Quanti furono nella Russia sovietica le vittime nei Gulag?
«È difficile rispondere, perché, a differenza dei lager nazisti, nei Gulag non si tenevano statistiche. Dieci, quindici milioni? Potrebbe essere una cifra accettabile, tenendo presente che nei Gulag non venivano chiusi solamente coloro che erano stati condannati per questo o quel delitto di carattere diciamo ideologico. C'erano i Gulag per le vedove dei nemici del popolo, e persino per gli orfani di questi nemici del popolo. E alla cifra che ho detto occorre aggiugere i morti della guerra civile seguente la presa del potere leniniano, i morti per fame in Ucraina, penso cinque milioni di persone, durante la carestia che fece seguito a quella pazzia che fu tra il chiudersi degli anni Venti e l'inizio degli anni Trenta la colletivizzazione forzata delle terre, un vero e proprio sterminio pianificato della classe contadina».

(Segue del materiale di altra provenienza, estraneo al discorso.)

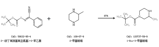 2.通過2-(叔丁氧羰基氧亞氨基)-2-苯乙腈和2-甲基哌嗪合成1-Boc-3-甲基哌嗪,收率約87%;

Lei fu in Gulag. Come ci si viveva?
«Era un girone infernale, anche se eravamo nell'epoca di Brezhnev, e la repressione non aveva carattere di massa, come ai tempi di Stalin, ma selettivo, individuale. Regnante Stalin i detenuti venivano impiegati per edificare le opere del regime, il Canale Volga-Don, il mare di Bratsk, e via via, e poco importava quanti ne morivano. C'era un disprezzo per la vita umana che non avevano avuto nemmeno i faraoni d'Egitto allorchè costruivano le piramidi. Del resto, che importava? Ogni regione aveva le sue quote di detenuti da fornire, e così c'erano sempre altri sventurati per sostituire le vittime. Al mio tempo in segno di liberalismo poteva ricevere una lettera dai famigliari ogni due mesi. Ma c'era pur sempre la brutalità dei guardiani, la mescolanza coi detenuti comuni, dato che a me non veniva riconosciuta la veste di detenuto politico, anche se, nel 1971, mi scambiarono con Corvalan, il comunista cileno. C'erano le celle di punizione con le pareti ricoperte di ghiaccio, e così di seguito».
Eppure anche in Occidente quella spietata dittatura aveva non pochi seguaci, al limite degli estimatori...
«Ma perchè l'impero del male ha sempre un suo fascino. Diciamo che non si voleva vedere la realtà delle cose per ignoranza, per viltà morale, per la straordinaria capacità di menzogna della dittatura».
Un suo giudizio sui leader sovietici, cominciando da Krusciov.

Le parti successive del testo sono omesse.